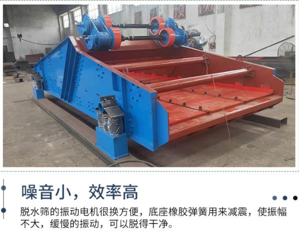 直線脫水篩采用了雙電機自同步技術,通用型偏心塊、可調(diào)振幅振動器。主要由篩箱、激振器、支承系統(tǒng)及電機組成。兩個互不聯(lián)系的振動器作同步反向運轉(zhuǎn),兩組偏心質(zhì)量產(chǎn)生的離心力沿振動方向的分力疊加,反向離心抵消,從而形成單一的沿振動方向的激振動,使篩箱做作往復直線運動。
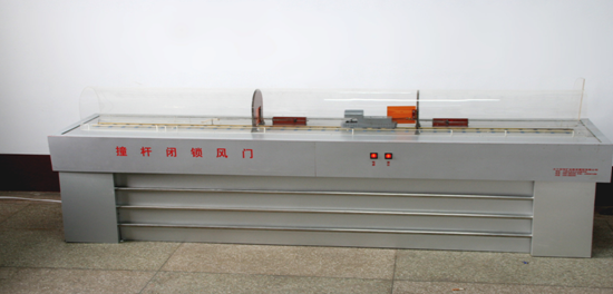 該井下各種風(fēng)門演示裝置(適合于二、三、四級),采用電傳動,使電機車在軌道行走,演示各種閉鎖風(fēng)門的開關(guān)原理。
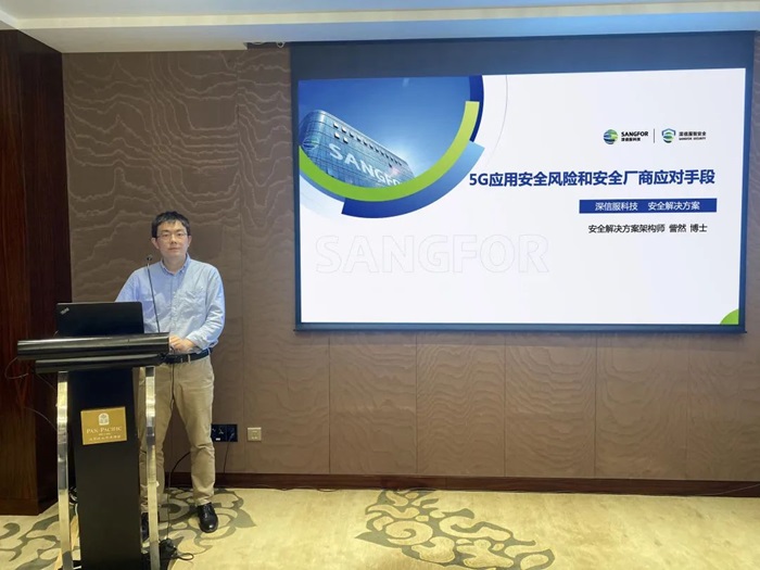 在此次活动中,深信服安全解决方案架构师訾然博士发表了《5G应用安全风险和安全厂商应对手段》的主题演讲,并基于5G新基建发展方向,配合运营商整体建设脚步,结合安全体系建设需要,提出了“立体保护 全局运营”的5G MEC安全解决方案,为5G时代下运营商行业乃至其他各行业信息化发展提供有力的安全保障。
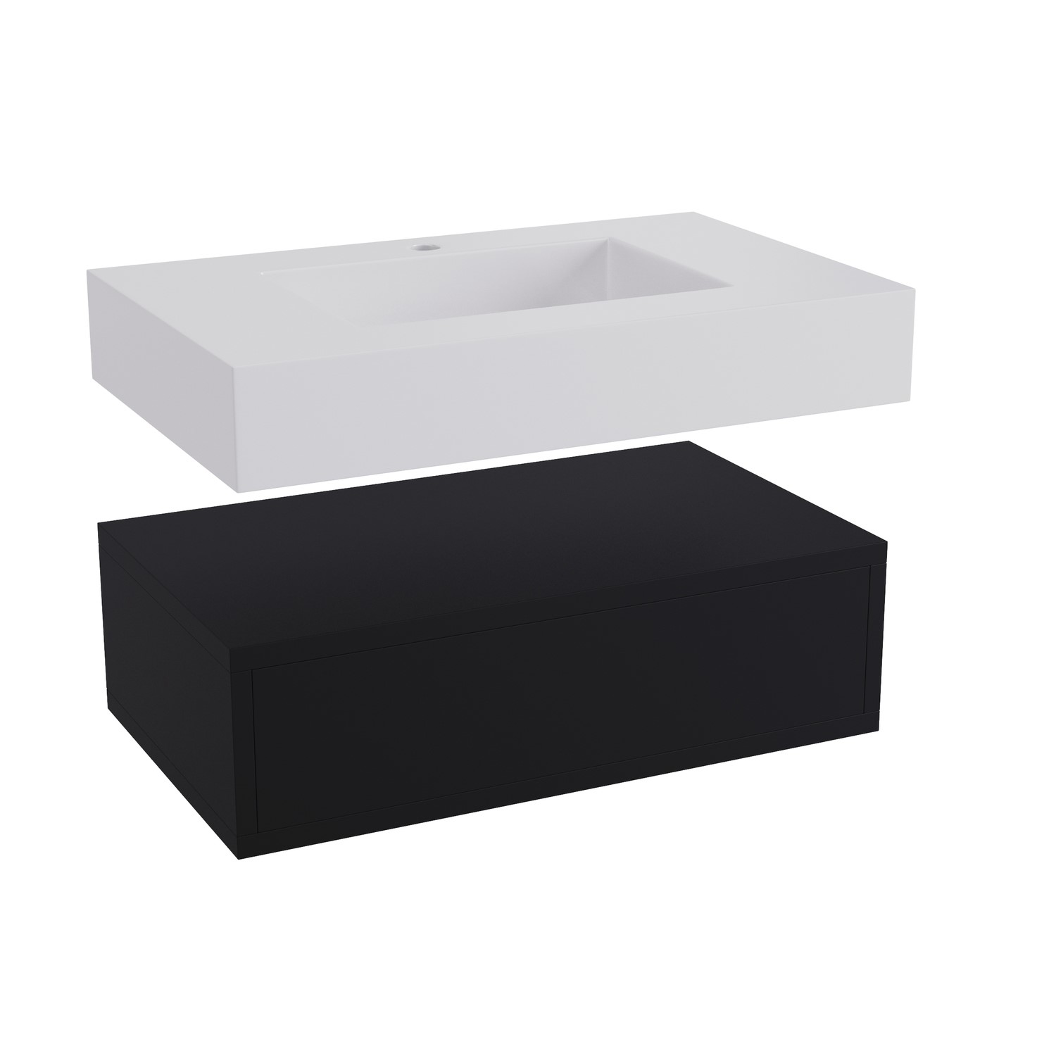 Bold Finish Combination: Striking matt black vanity unit paired with a white basin for modern sophistication and practicality.
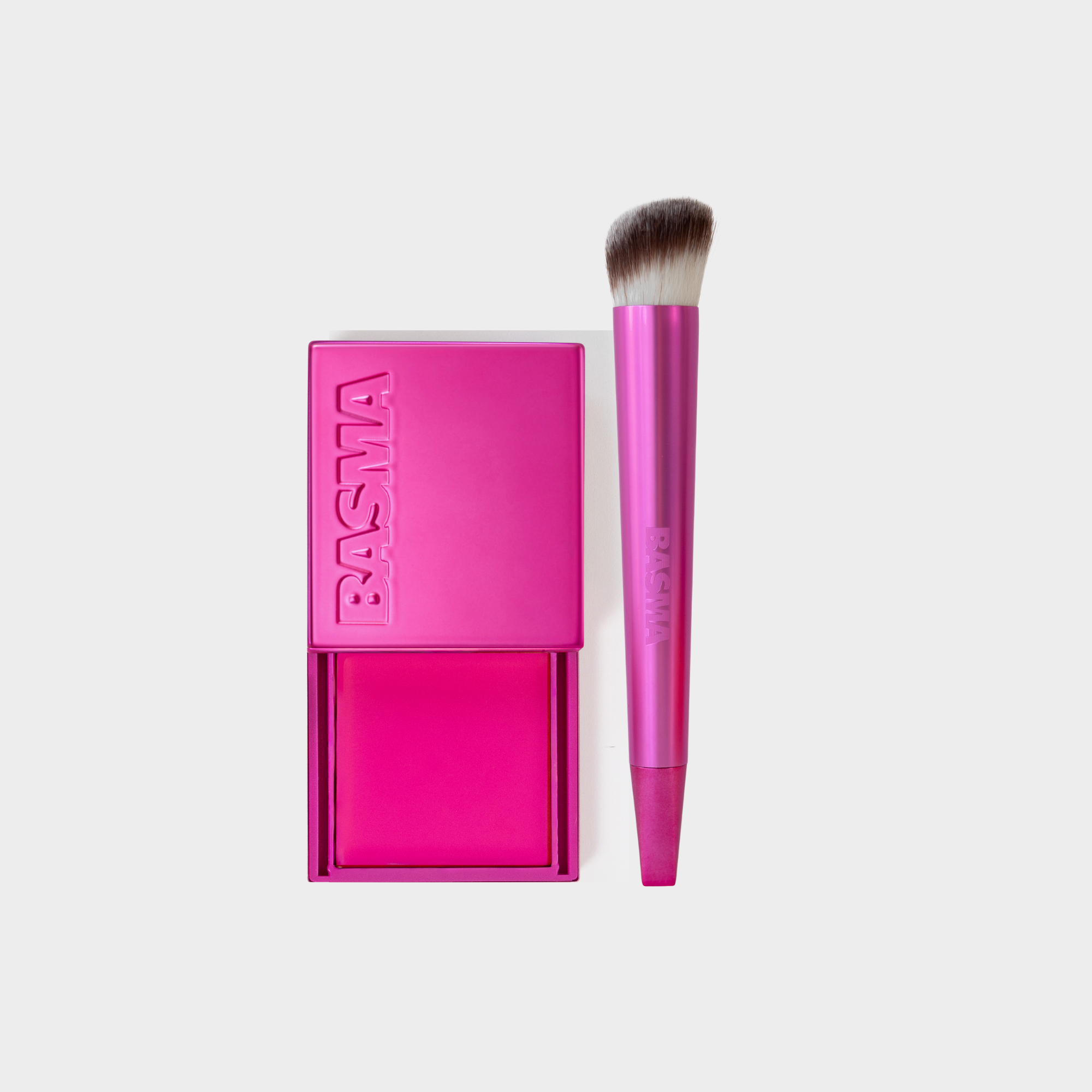 The Cream Blush melts into the skin for a natural flush you can dial up, while The Complexion Brush blends it in.
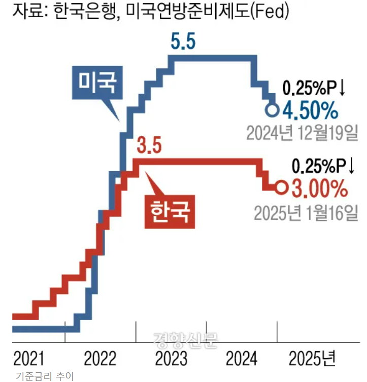 6. 한국은행은 24년 10월, 11월 지속적으로 경기부양을 위해 금리를 낮췄으나 이번 25년 1월은 급등하는 환율 억제를 위해 어쩔수 없이 금리를 동결함
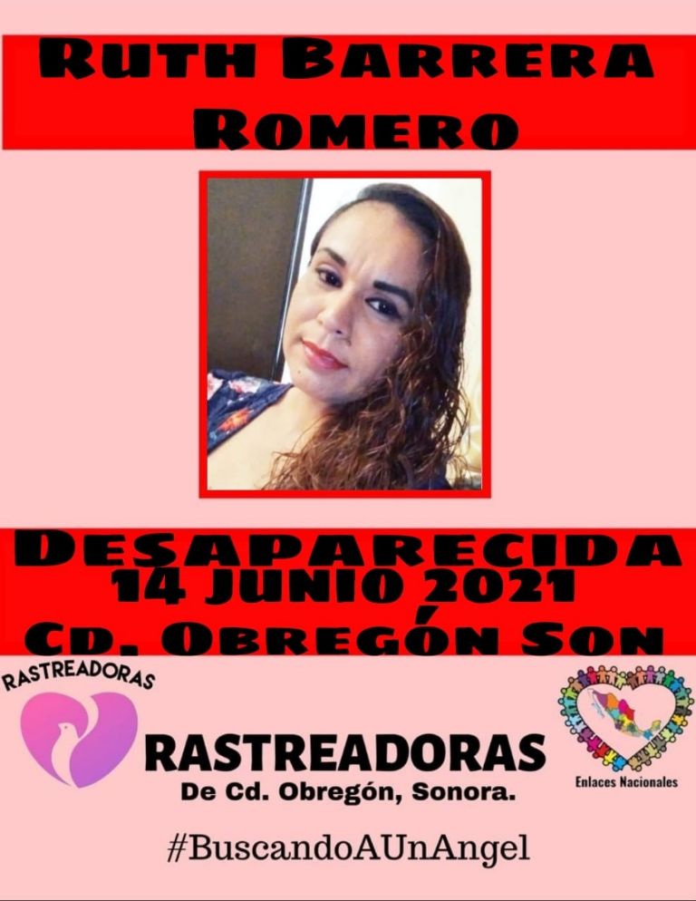 Así lo reveló el colectivo Rastreadoras de Ciudad Obregón a través de redes sociales, donde compartió la ficha de búsqueda de Ruth y detalló que la última vez que se le vio fue el pasado lunes 14 de junio cerca de las 18:00 horas.
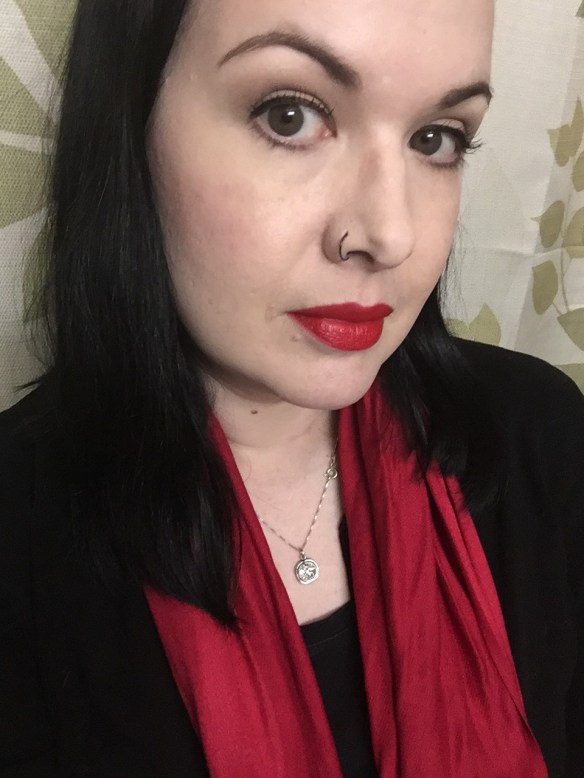 I bet you didn’t know my hair was this long. I’ve had it short since 2001, the longest it ever gets is about this length. When I dyed it recently, I couldn’t get all of the black out, but due to some stroke of luck I got enough out that it dyes burgundy when I hit it with the fuchsia dye I use (SpecialFX Virgin Rose).
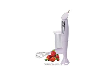 Гарантия производителя. Мощность 400вт. погружной. корпус из высококач. пластика. ножи из нерж. стали. 2-х скоростной режим работы. съемная насадка блендер. насадка-венчик. мерный стакан 600мл. макс. время непрерывной работы 1мин. низкий уровень шума. None
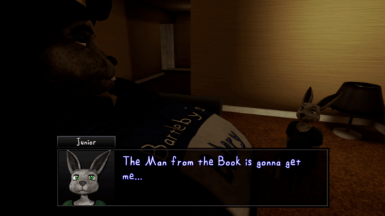 Mama Rabbit returns home from work one late night. Awake long past his bedtime, a frightened Junior Rabbit rushes in. The book in his hands has very visibly spooked him, and Mama Rabbit tries convincing him that it's only a story. But then a tap-tap-tapping begins on the window...
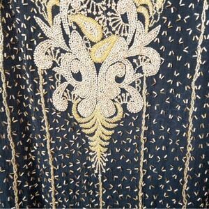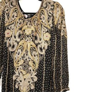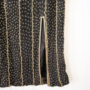 Vintage Fantasy by Lisa Kane Black & Gold Fully Beaded Silk Maxi Dress Small
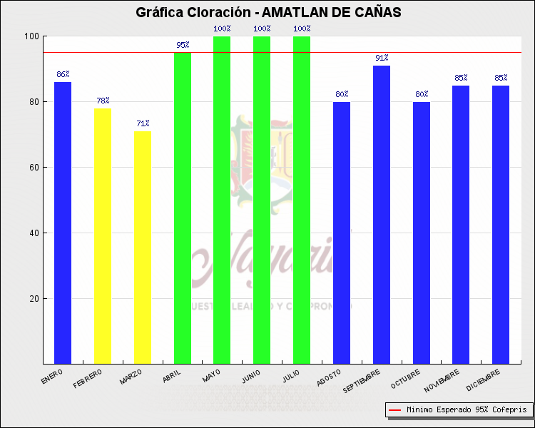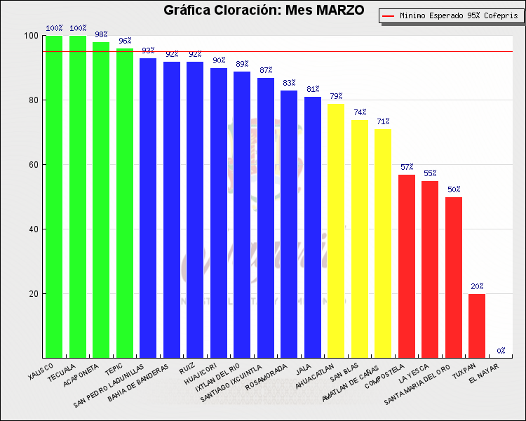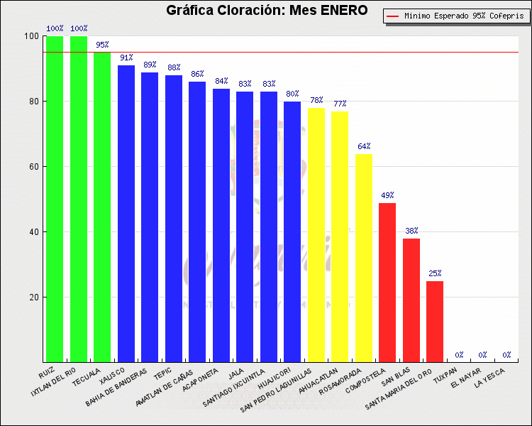 * Nota: La actualización de los Niveles de Cloración del Mes, se realiza a los 15 días del mes siguiente, esto debido a las pruebas de laboratorio que el Sector Salud realiza. Los Municipios que aparece su valor en 0%, es por falta de monitoreo en ese mes y no indica que la cloración no se haya realizado.
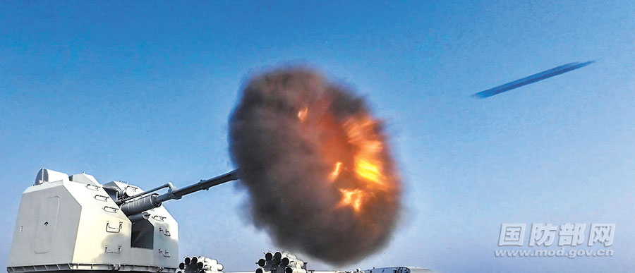 鏖戰剛過,海上又傳來“敵情”。“敵”艦悄然出動,伺機發起偷襲。編隊各艦快速反應、密切協同。很快,官兵綜合運用雷達、光電設備成功鎖定目標。指揮員下達打擊命令,剎那間艦炮轟鳴、火舌噴吐,目標被成功摧毀。
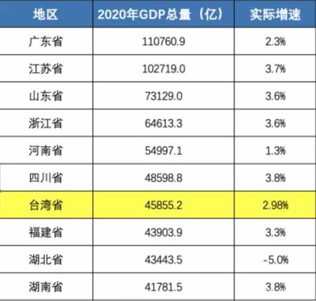 2020年中国GDP超百万亿,数据达到1015986亿元,台湾地区GDP为45855.2亿,我国同比增长为2.3%,而中国台湾增幅为2.98%,不仅超过了2019年的2.73%,还在30年来首次超过大陆的GDP增幅。
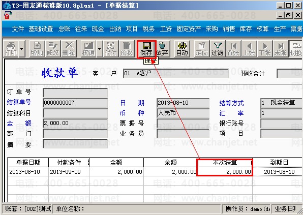 C.输入本次结算金额保存。
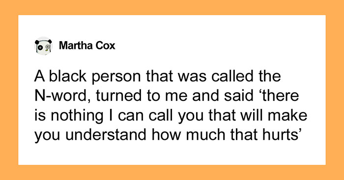 A black person I worked with was called the N-word by an angry customer. She turned to me and said, “there is nothing I can call you that will ever make you understand how much that hurts”. That completely changed my thinking.
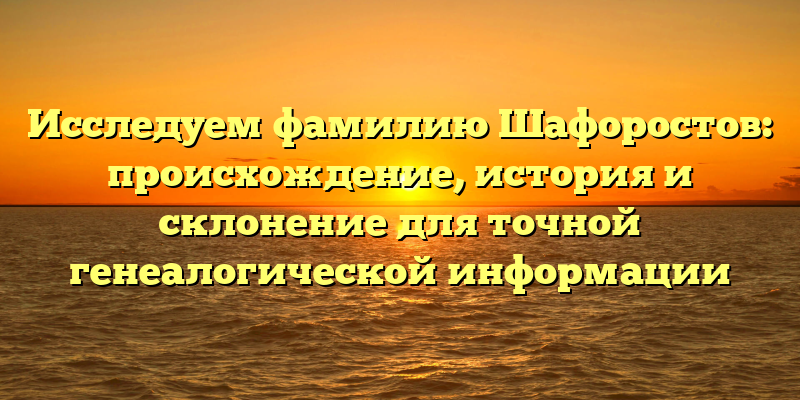 Фамилия Шафоростов: история, происхождение и полезные советы для генеалогов.
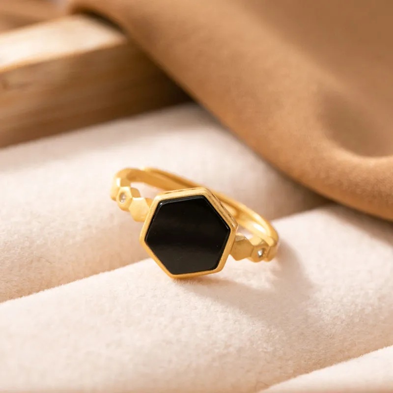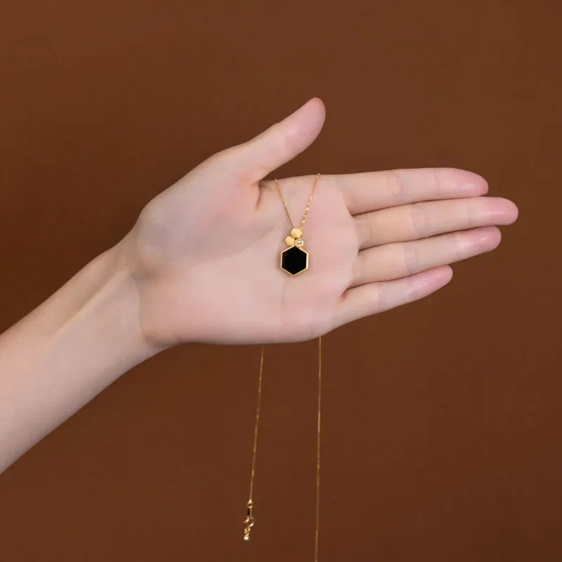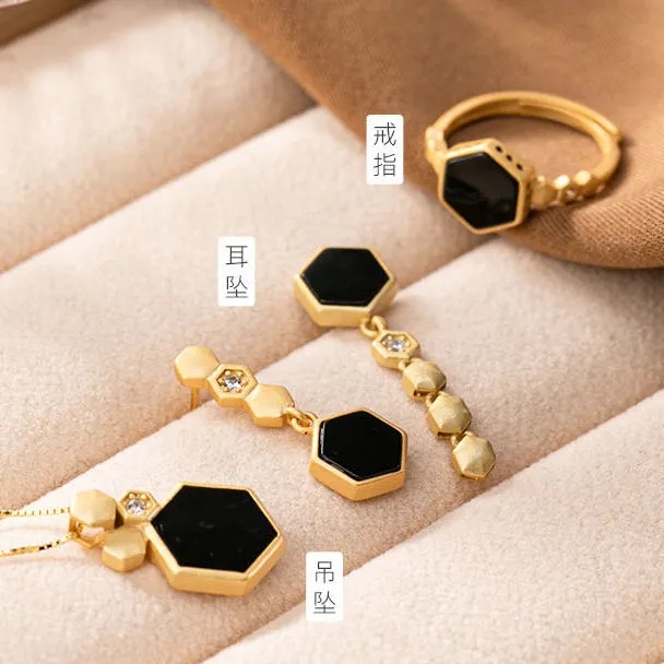 S925纯银纯银镀金天然墨玉个性气质几何形耳钉戒指吊坠
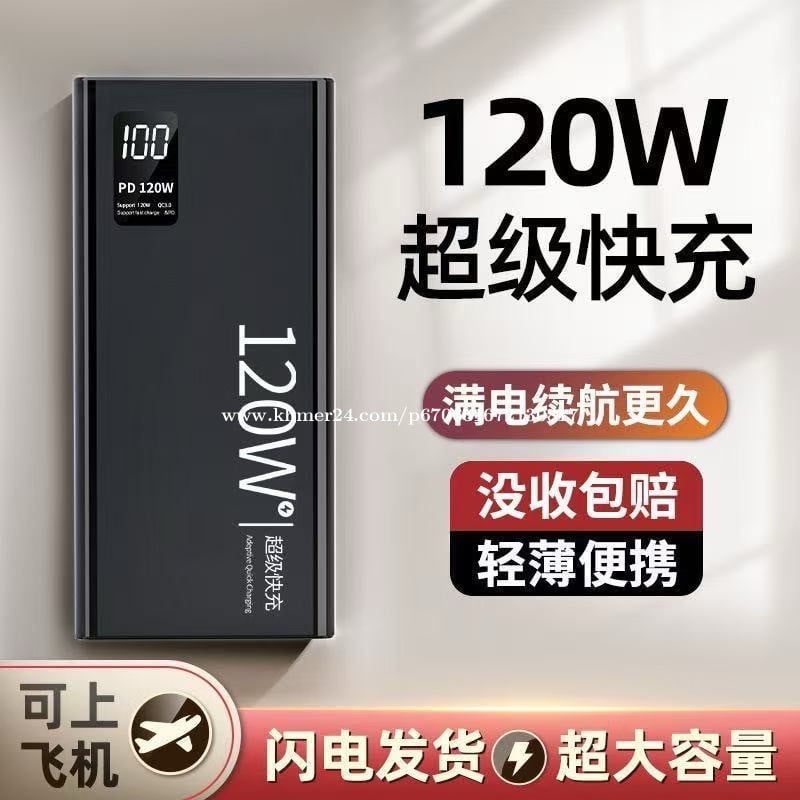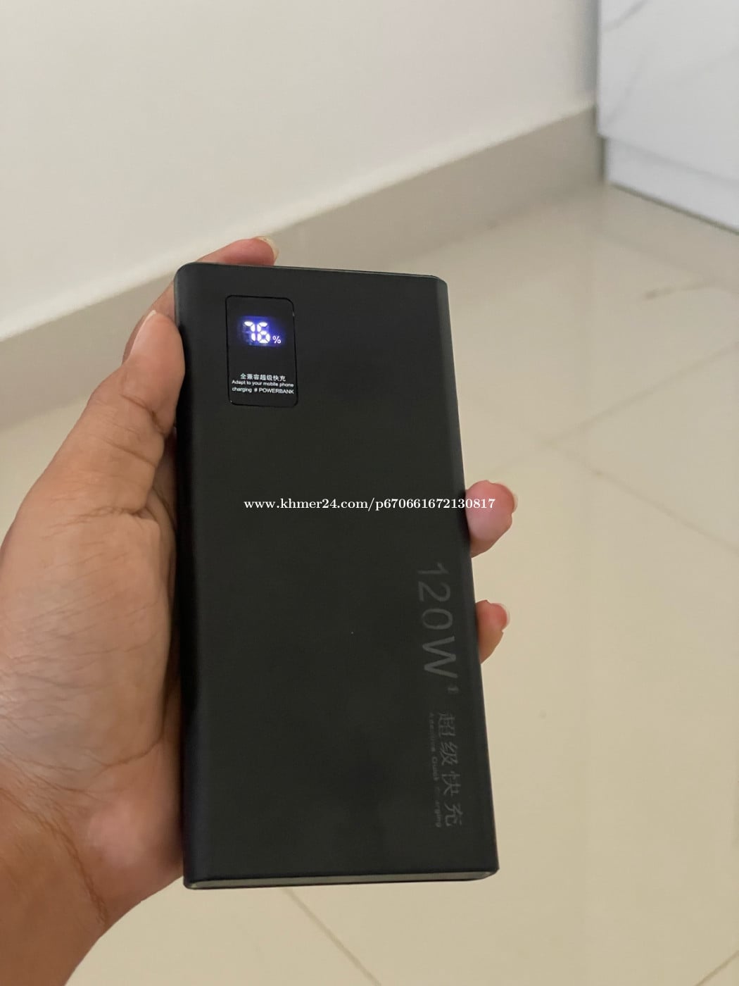 Power bank 120W ទំហំថ្ម 20000mah ទំហំល្មមស្រួយដាក់តាមខ្លួនហើយសាកថ្មលឿនតម្លៃសមរម្យត្រឹមតែ 10$

▸ **TASK DIRECTIONS**:
With the pictures left out, copy exactly the lines from the one containing "S925纯银纯银镀金天然墨玉个性气质几何形耳钉戒指吊坠" through the final line of the records above, both included.

▸ **PROBLEM SOLUTION**:
 S925纯银纯银镀金天然墨玉个性气质几何形耳钉戒指吊坠
 Power bank 120W ទំហំថ្ម 20000mah ទំហំល្មមស្រួយដាក់តាមខ្លួនហើយសាកថ្មលឿនតម្លៃសមរម្យត្រឹមតែ 10$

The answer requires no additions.